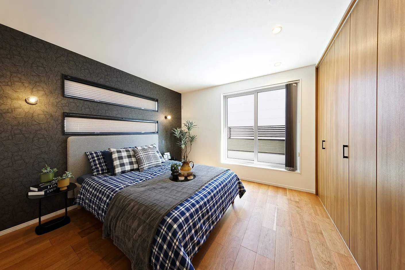 バルコニーからの明るい陽光が入る7.5帖の広々とした主寝室。
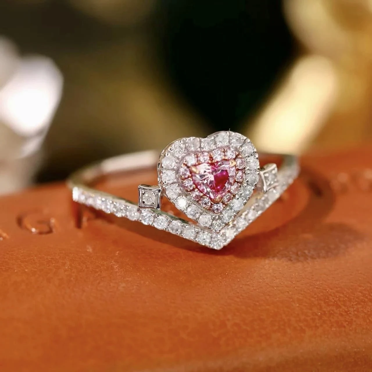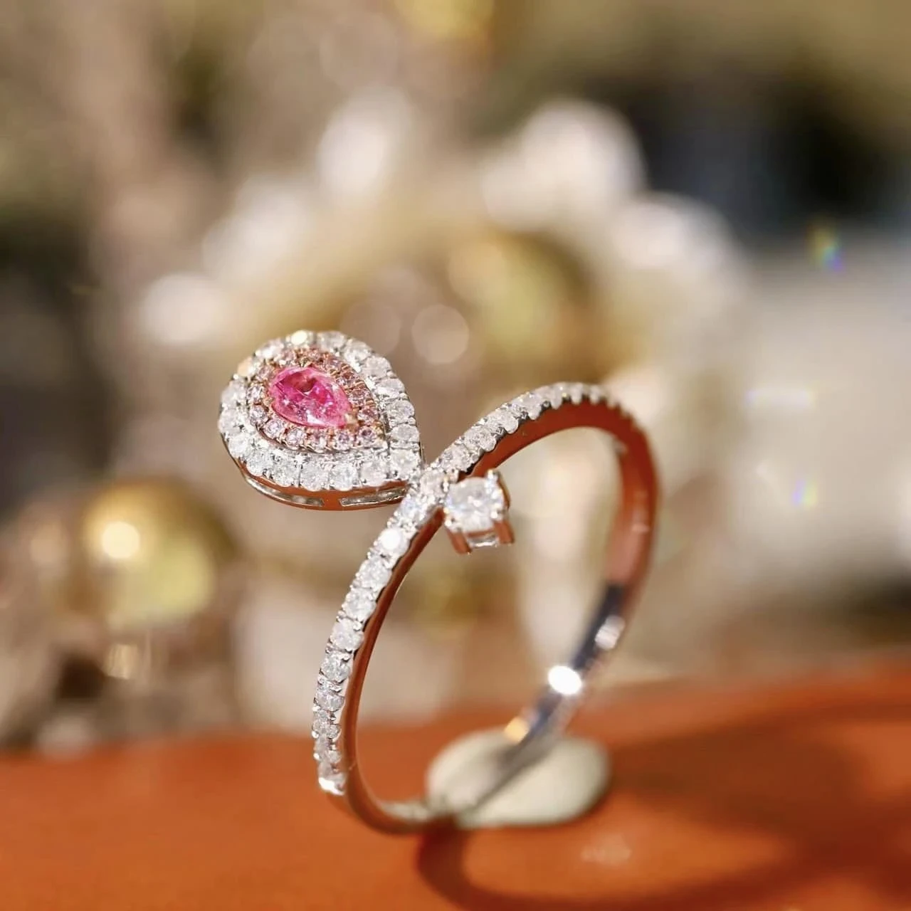 想像一下,一克拉白鑽搭配粉鑽線戒
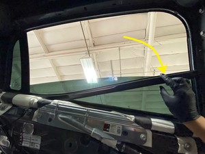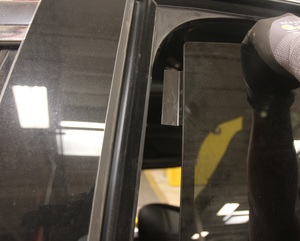 NoteRecommend assistance. Working from the outside of the vehicle, pull the front of the window towards the rear of the vehicle and then lift the window out from the door. Take caution do not damage any components

## Task brief
Skipping all images, output the listing exactly.

## Your response
 バルコニーからの明るい陽光が入る7.5帖の広々とした主寝室。
 想像一下,一克拉白鑽搭配粉鑽線戒
 NoteRecommend assistance. Working from the outside of the vehicle, pull the front of the window towards the rear of the vehicle and then lift the window out from the door. Take caution do not damage any components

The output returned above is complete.